Testing the differential effect of a mathematical background on statistics course performance: an application of the chow-test.
Choudhury, Askar ; Radhakrishnan, Ramaswamy
INTRODUCTION
Identifying appropriate prerequisite course is a key ingredient in
designing the optimum curriculum program. An academic advisor's
primary challenge is to match students' background knowledge with
the courses they are taking. Identifying the most suitable course among
the several available alternative prerequisite courses to meet
students' need is a source of continuous debate among the
academicians. This paper addresses the issue of students with different
mathematical background perform differently in Statistics course.
Higgins (1999) recognized that statistical reasoning should be
considered an important component of any undergraduate program. Further
discussion on statistical reasoning can be found in Garfield (2002) and
DelMas et. al.(1999). Several different factors may affect
students' performance (Dale & Crawford, 2000) in a course,
including students' background knowledge. Therefore, understanding
(Choudhury, Hubata & St. Louis, 1999) and acquiring the proper
background knowledge is the primary driver of success (Bagamery, Lasik
& Nixon, 2005; Sale, Cheek & Hatfield, 1999).
Students' performance (Trine & Schellenger, 1999) in a
course is primarily affected by the prerequisite courses taken that
fabricate their background knowledge. Because of their diverse level of
preparedness and accumulated background knowledge that builds their
long-term human capital, differential effect that is attributable to
different perquisite courses can be evaluated through students'
performance on subsequent courses. Literatures in this area of research
offer little guidance, as to which prerequisite is more appropriate.
Performance measures of prerequisite courses have been studied in
various disciplines (Buschena & Watts, 1999; Butler, et. al., 1994;
Cadena et. al., 2003). A remarkable discussion on the effect of
prerequisite courses has been found in Potolsky, et. al.(2003).
For this study, data were collected from a Mid-Western university.
Statistics is a required course for all business and economics majors at
this university. Statistics course stresses application of statistical
concepts to decision problems facing business organizations. All
sections of this course taught at the college of business use a common
text book and cover the same basic topics. The course includes
descriptive statistics, probability concepts, sampling processes,
statistical inference, regression, and nonparametric procedures. Among
the several available prerequisite courses we analyze the differential
effect of Applied Calculus and Calculus-I on the Statistics course
performance. Since, this will be fascinating to observe if there is any
differential effect due to different arrangement of calculus course. If
so, what is the propensity of the differential effect?
We hypothesize that students' performance in Statistics course
as measured by the final course grade varies due to the diverse
preparedness by different prerequisite courses.
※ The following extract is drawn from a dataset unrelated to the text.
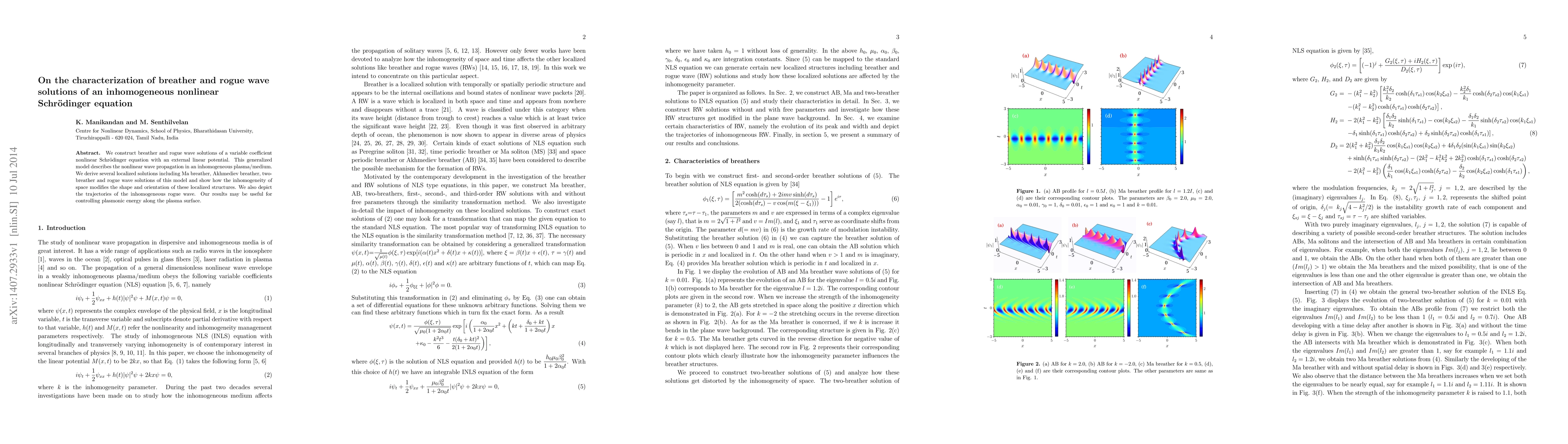 This paper constructs breather and rogue wave solutions for a variable coefficient nonlinear Schrödinger equation with an external potential, describing nonlinear wave propagation in inhomogeneous media. It derives localized solutions including Ma and Akhmediev breathers, two-breather, and rogue wave solutions, illustrating the impact of spatial inhomogeneity on these structures and their potential application in controlling plasmonic energy.

The question that we ask
is that whether Applied Calculus or Calculus-I are availing themselves
to the same background knowledge and prepare students equally for the
Statistics course. Specifically, this research addresses the question;
does the different mathematical background knowledge attained by
students from Applied Calculus or Calculus-I create a differential
effect on their performance in the Statistics course? Applied Calculus
covers non-linear functions, intuitive differential, integral and
multivariate calculus applications. Calculus-I covers Polynomial,
exponential, logarithmic, and trigonometric functions; Differentiation
with associated applications; Introduction to integration with
applications.
Business and Economics students in general try to avoid (or delay)
taking Statistics course. The fear of statistics may be a result of lack
of acquaintance in mathematical thinking (Kellogg, 1939). Therefore, a
proper prerequisite course that can build confidence against
mathematical anxiety and develop mathematical thinking could help
alleviate these problems. Although both prerequisite courses considered
in this study are calculus, we perceive that students obtain a higher
level of "mathematical maturity and thought process" from the
traditional calculus than applied calculus. The reason may be
traditional calculus takes students' into the journey of deeper
level of quantitative reasoning compared to the applied calculus.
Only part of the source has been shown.